AgentDoG models are trained with supervised fine tuning on demonstrations, using a learning rate of 1e-5. The evaluation framework compares AgentDoG against a range of guard models and general purpose models, reporting trajectory level accuracy, precision, recall and F1 scores, along with fine grained taxonomy accuracy for Risk Source, Failure Mode and Real-world Harm.
Key Findings
- AgentDoG achieves state of the art in trajectory level safety moderation on diverse benchmarks. On R judge it attains 92.7 per cent F1 with Qwen3 4B in comparison with 91.8 per cent for GPT 5 2 and approaching Gemini 3 Flash at 95.3 per cent.
- On ASSE Safety, AgentDoG with Llama 3 8B reaches 83.4 per cent F1, outperforming several specialised guard models and balancing precision and recall more effectively than many baselines.
- Fine grained diagnosis on ATBench shows AgentDoG substantially improves attribution to root causes.

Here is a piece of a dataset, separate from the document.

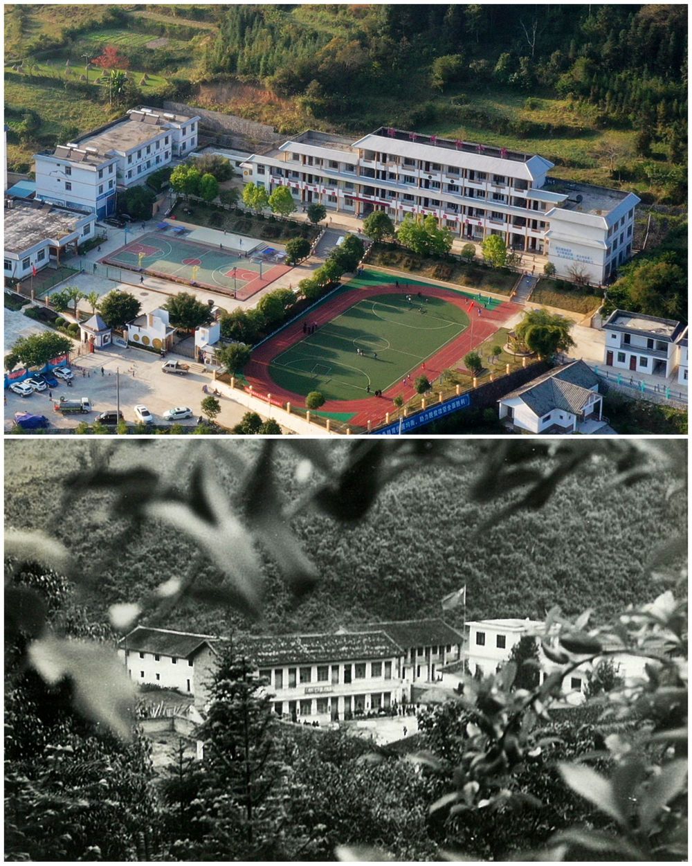 拼版照片:上图为2019年11月5日拍摄的贵州省荔波县瑶山民族小学面貌(无人机照片,新华社记者杨文斌摄);下图为荔波县瑶山民族小学旧貌(资料照片,荔波县瑶山瑶族乡人民政府供图)。新华社发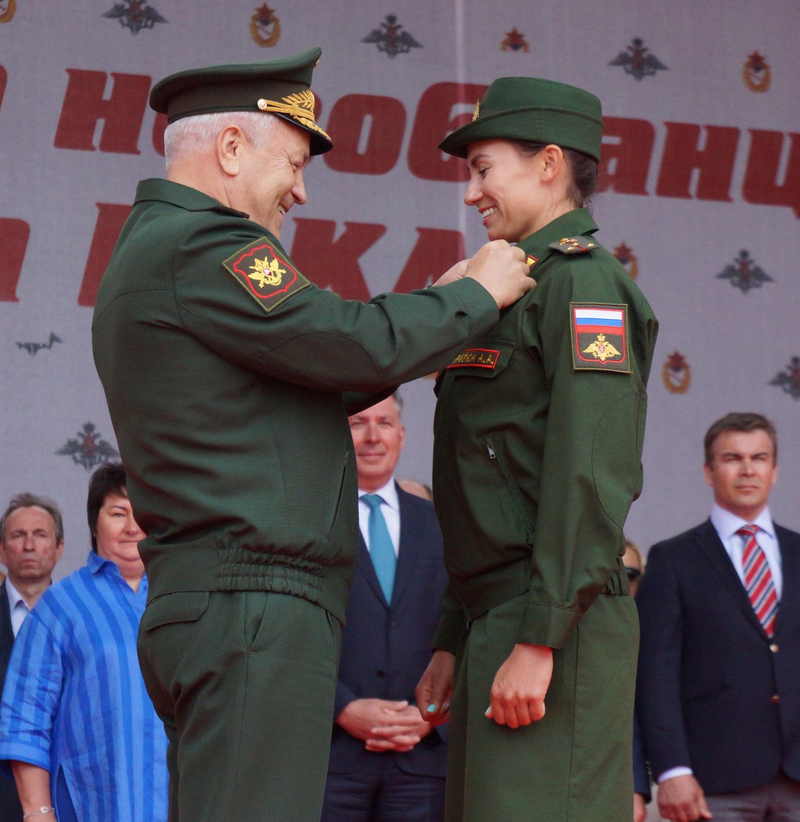 Медалью «За воинскую доблесть» I степени инструктор (по спорту высшей квалификации) спортивной команды (по легкой атлетике и триатлону) старший лейтенант Ольга Дмитриева;

Risk Source accuracy reaches 82.0 per cent, Failure Mode accuracy 32.4 per cent and Real world Harm accuracy 58.4 per cent for AgentDoG Qwen 3 FG 4B, outperforming baselines that struggle with mapping trajectories to taxonomy labels.
- The Agentic XAI Attribution framework demonstrates trajectory level and sentence level attribution, identifying how planning steps and specific sentences contribute to an unsafe target, with case studies reproducing prompt injection, sarcasm mis interpretation and ambiguous transaction risks. This improves transparency and supports targeted mitigation.
- ATBench provides a robust held out benchmark with 500 trajectories and balanced taxonomy coverage, enabling evaluation of long horizon tool augmented interactions and generalisation to unseen tools via a 2292 tool library. QC retains around 52 per cent of trajectories after filtering to ensure high quality evaluation data.
Limitations
AgentDoG currently handles text based trajectories and may require extension to multimodal inputs for GUI driven agents. The evaluation framework notes potential out of distribution effects for guard models not trained on long tool augmented trajectories. The authors also acknowledge guard rails themselves can be targeted, necessitating ongoing security testing and mitigation planning.
Why It Matters
The work provides a principled, taxonomy driven approach to diagnosing why AI agents act unsafely and why seemingly safe actions may be flawed. By offering an interpretable provenance based guardrail, an extensive fine grained safety benchmark and open source model variants, it enables practical testing and hardening of agent decision pipelines, supporting safer deployment in high stakes contexts. The framework supports security testing and could inform reward shaping or reinforcement learning based alignment strategies, contributing to greater transparency and accountability in autonomous agents while recognising that guardrails themselves are potential targets for adversaries.